Integral of discrete function

Question

I started learning Discrete Fourier Transform. I'm not sure how they do translation from continuing transform to discrete transform. I attach appropriate link.
page 1. Translation from continuous transform to the discrete using property of the discrete function.

We could regard each sample $f[k]$ as an impulse having area $f[k]$. Then, since the integrand exists only at the sample points, $$ \begin{split} F(j\omega) &= \int_0^{(N-1)T} f(t)e^{-j\omega t} dt \\ &= f[0]e^{-j0} + f[1]e^{-j\omega T} + \ldots + f(N-1) e^{-j\omega (N-1)T} \\ &= \sum_{k=0}^{N-1} f[k] e^{-j\omega k T} \end{split} $$

I wonder if they are correct.

Answer 1

I don't know if this is the reply you are looking for, but I've found it useful (in improving my intuition) when learning probabilities and Fourier transforms to bring up analogies between "discrete calculus" and "continuous calculus".

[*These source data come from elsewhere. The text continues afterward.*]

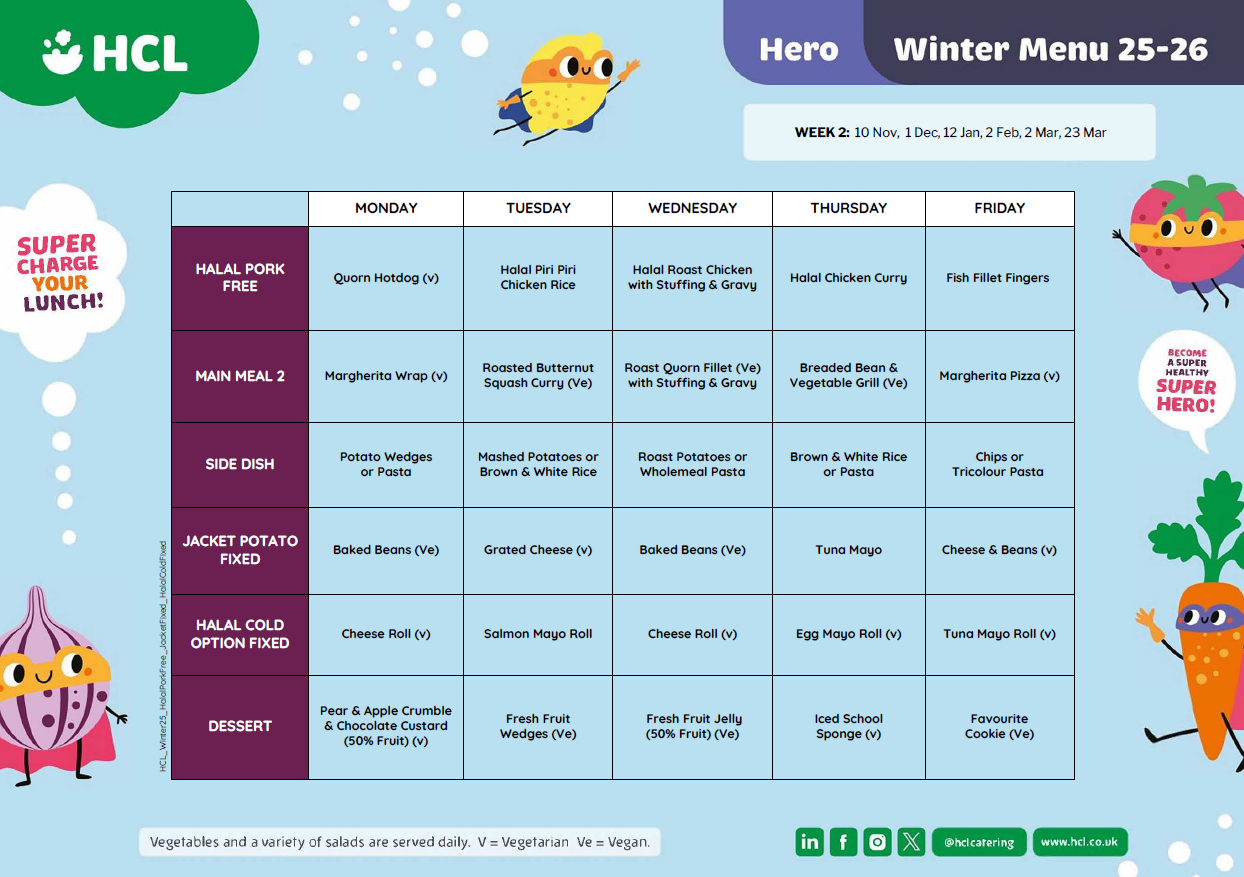 Your child can have a lunch provided by the school or bring in a packed lunch. All school lunches are free. If you would like your child to change from a school lunch to a packed lunch or vice versa then this can only be done at the beginning of the half term. You must notify the school office of this change.
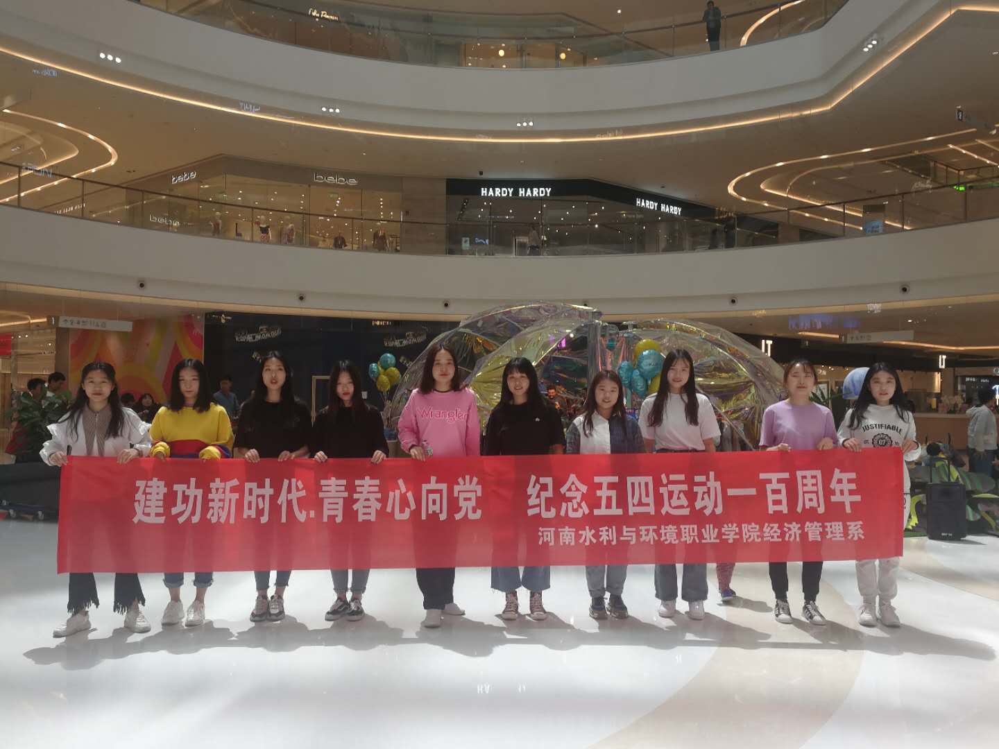 为纪念五四运动一百周年,弘扬五四精神,让更多青年人深入领会五四精神,4月30日、5月5日,经济管理系分别在正弘城商场和校园内开展了纪念五四运动一百周年舞蹈快闪活动。
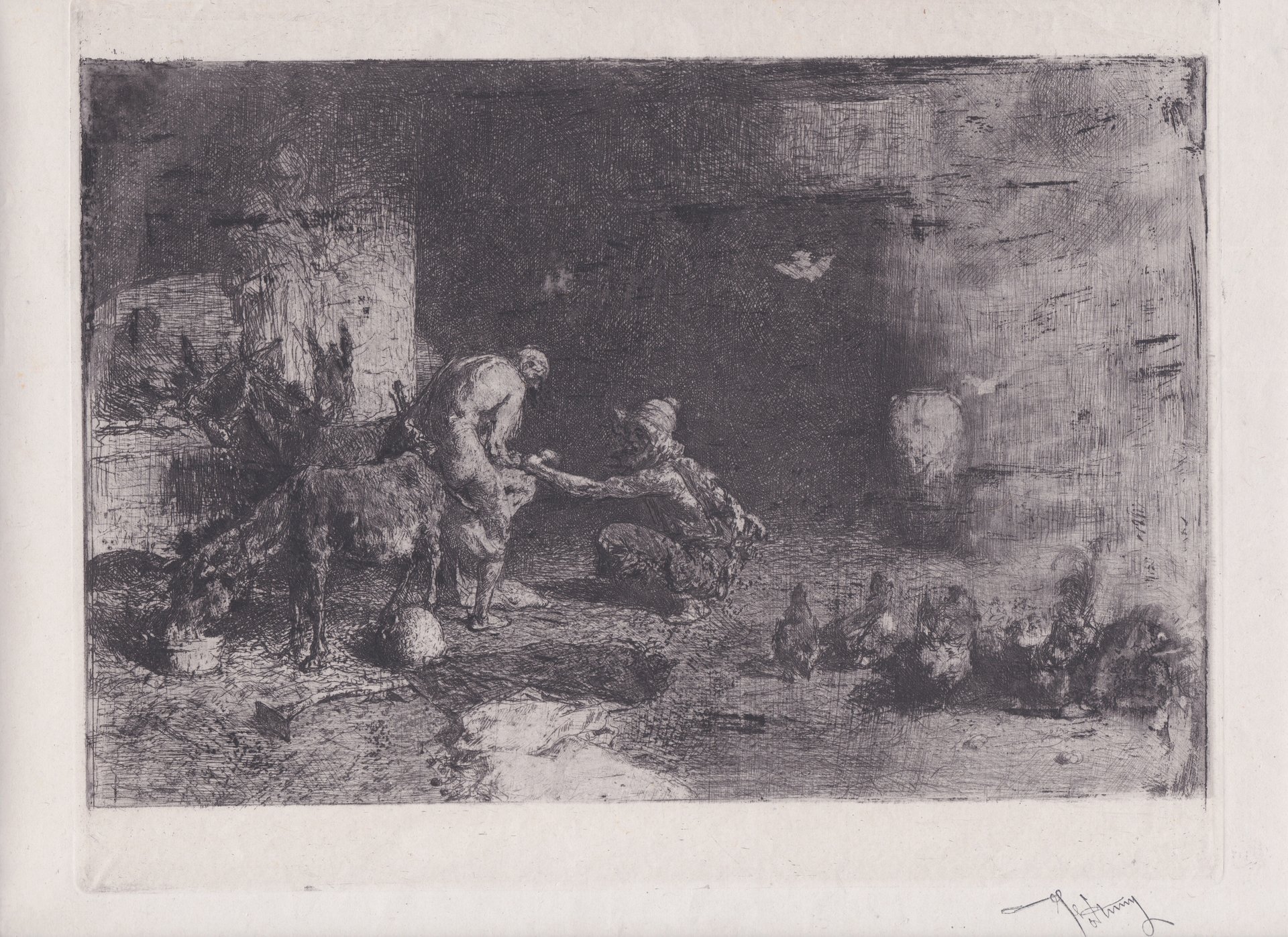In questa stampa, la numero 22 del catalogo, viene rappresentato l'interno di una stalla. Lo sfondo si divide in zone lasciate più chiare e altre scure, su questi giochi chiaroscurali si stagliano le figure di due uomini colti nell'atto di ferrare un asino. In primo piano sulla destra alcune galline e sulla sinistra a terra strumenti di lavoro. Fortuny realizzò anche un olio su tela di ugual soggetto, oggi conservato presso il Museo Nazionale d'Arte della Catalogna. Impressione eccellente molto contrastata su carta leggera tipo China, misure mm 240x325. Prova "avanti lettera" senza titolo e numero, con timbro della firma dell’autore in basso a destra. Secondo Cano Dìaz l'esemplare appartiene alla prima edizione del 1878 eseguita da Goupil a Parigi. La prima edizione prevedeva anche una tiratura su carta vergellata Arches con titoli, numerazione e timbro della firma. Ottimo stato di conservazione. Ampi margini oltre la battuta del rame.

Our base spaces for the sake of example are $N \to R$ (real sequences) and $R \to R$ (real functions).

a) For each, you have a derivative:

• $u'(n) = u_{n+1} - u_{n} = \frac{u(n+\Delta n) - u(n)}{\Delta n}$ where $\Delta n = 1$ is the input "increment". You get similar properties, ie, your sequence is increasing iff $u'(n) > 0$.

• $f'(x) = \lim_{\Delta x \to 0} \frac{f(x+\Delta x) - f(x)}{\Delta x}$, where $\Delta x$ is also some "increment" (although for the continuous case the word is ambiguous), arbitrarily close to 0. You could think of it as the "hyperreal" number $\epsilon$, a number such that for every non-zero positive real number $x$, $0 < \epsilon <x$. It's generally written $dx$ rather than $\Delta x$ in the continuous case.

b) Both also have an integral:

• $U(n) = \sum_{i = a}^{i = n} u(i) + C_a$, such that $U'(n) = u(n)$. Do note that you can very well define sequences (functions) from $Z \to R$ and have negative values for $n$. Also note that the constant $C_a$ is also present here and you have an analogy of the fundamental theorem of calculus you can use (look up "telescoping sums": https://mathworld.wolfram.com/TelescopingSum.html ).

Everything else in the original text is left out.